Sunday, August 12, 2007

That 70's Day

I suppose it isn't such an original observation anymore, when noting the hypocrisy and just plain weirdness that lurks behind America's white picket fence. Soccer moms who run chic escort agencies on the side, white collar dads who stop off for a quickie at the truck stop with a trucker and of course the Valium stealing teenagers that lead double lives almost as complicated as those of their parents.

On my fourth session, I found myself traveling up the lit walk way of a lovingly tended lawn, complete with a Volvo station wagon in the driveway. The lay out had the flatness of a Monopoly game and the house looked like a game piece. The bark brown sprawling ranch home reminded me of a 70's middle school. Before school shootings took root in our popular culture. You know. During a more innocent time of key swapping, swinger parties.

The man that answered the door ( the chimes rang to the obligatory and dreary tune of Big Ben)blended seamlessly into the avocado green & harvest gold tones of his plaid home. He had a beard & it wasn't one of those little, frenchified, self conscious chin patches. This was an honest to god, tied dyed & color me blue sort of beard. The kind that food gets caught in and the possessor never seems to notice. Well...it wasn't like I was going to kiss him. He was a divorced and week end dad. I could tell he was lonely.

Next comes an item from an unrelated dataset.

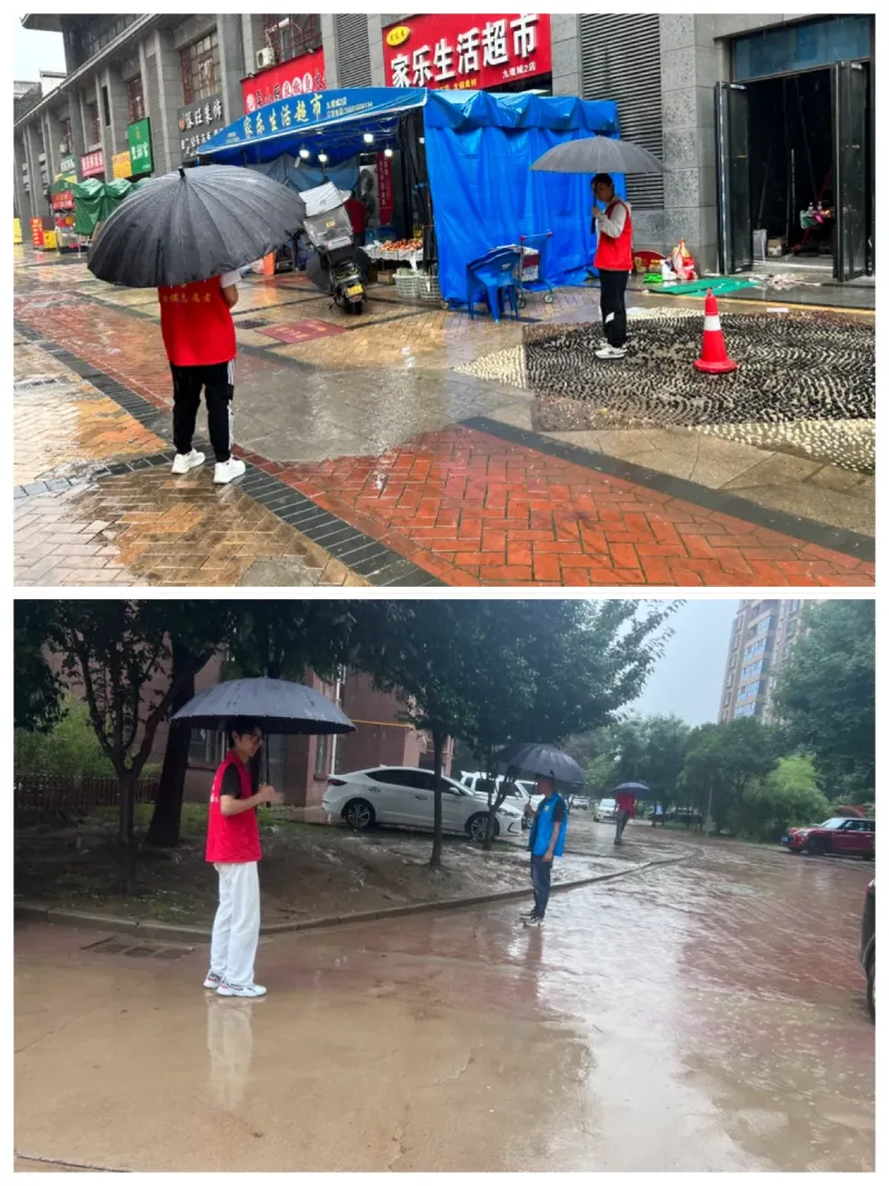 除此之外,最近天气异常,时有大雨。社区工作人员带领大学生志愿者进行防汛隐患排查工作,确保社区内积水问题及时得到整改。

His name was Chuck and his little peccadillo was to have needles, push pins to be exact, driven right through his man nipples. The long ones. He supplied our session with his own (Later, he gave me a plump, red pin cushion as a memento. I still use it to this day.)preferred brand.

He had e-mailed me a rather scripted request. I was to wear a nurses outfit with white platform shoes. Now if you recall, I was just starting out and there was no way that I was going to drop about three hundred dollars on an outfit for a POTENTIAL client. So instead, I put together an ensemble that I thought had a certain elan of its own. I wore white cotton boy shorts and a matching sheer & severe bra. Luckily due to Boris's earlier generosity, I was also sporting a gleaming pair of white, opaque stockings. I borrowed a pair of white go-go boots from my manic, club kid neighbor down the hall. Off the net, I bought blue hospital scrubs, a jaunty paper nurses hat & long see through plastic gloves. It came to a whopping investment of $14.99. Over it all, I had worn my trusty trench coat. I pulled my hair in a high, harem girl pony tail and put on a dash of shiny, space age pink lipstick. Bye, Bye Miss American Pie.

Chuck had thoughtfully laid a clean sheet on the floor of his living room and piled the plaid sofa cushions in careless heaps. It looked like a child's sleep over and he had put out a bowl of noxious, orange cheese puffs. Which I adore above all things. He had me at the Cheetos. As I came to know Chuck, I found that he was a great aficionado of jazz. He helped flesh out my collection with obscure performers like Georgie Fame, Kimiko Kasai and Bud Shank. He played a vinyl record of a performer called Professor Soul. We cracked open a Heineken and got down to business.

He stretched himself out on the sheet, wearing only his
tidy whiteys. When I had removed my trench coat, I saw a flicker of disappointment in his kind, baggy brown eyes. I knew he was expecting a nurses outfit. I slowly untied my scrubs and let it drop to the floor. My little sail boat of a nurses hat, was pinned at a coquettish angle. I pulled on the elbow length, plastic gloves with my teeth as I smiled at him side ways. His face suddenly flared with enthusiasm and he laid himself out on the sheet. He crossed his arms gently across his stomach and waited patiently. He knew I was a virgin to this.

I pinched one of the long pins between my suddenly nerveless fingers and knelt before him like a sadistic Geisha.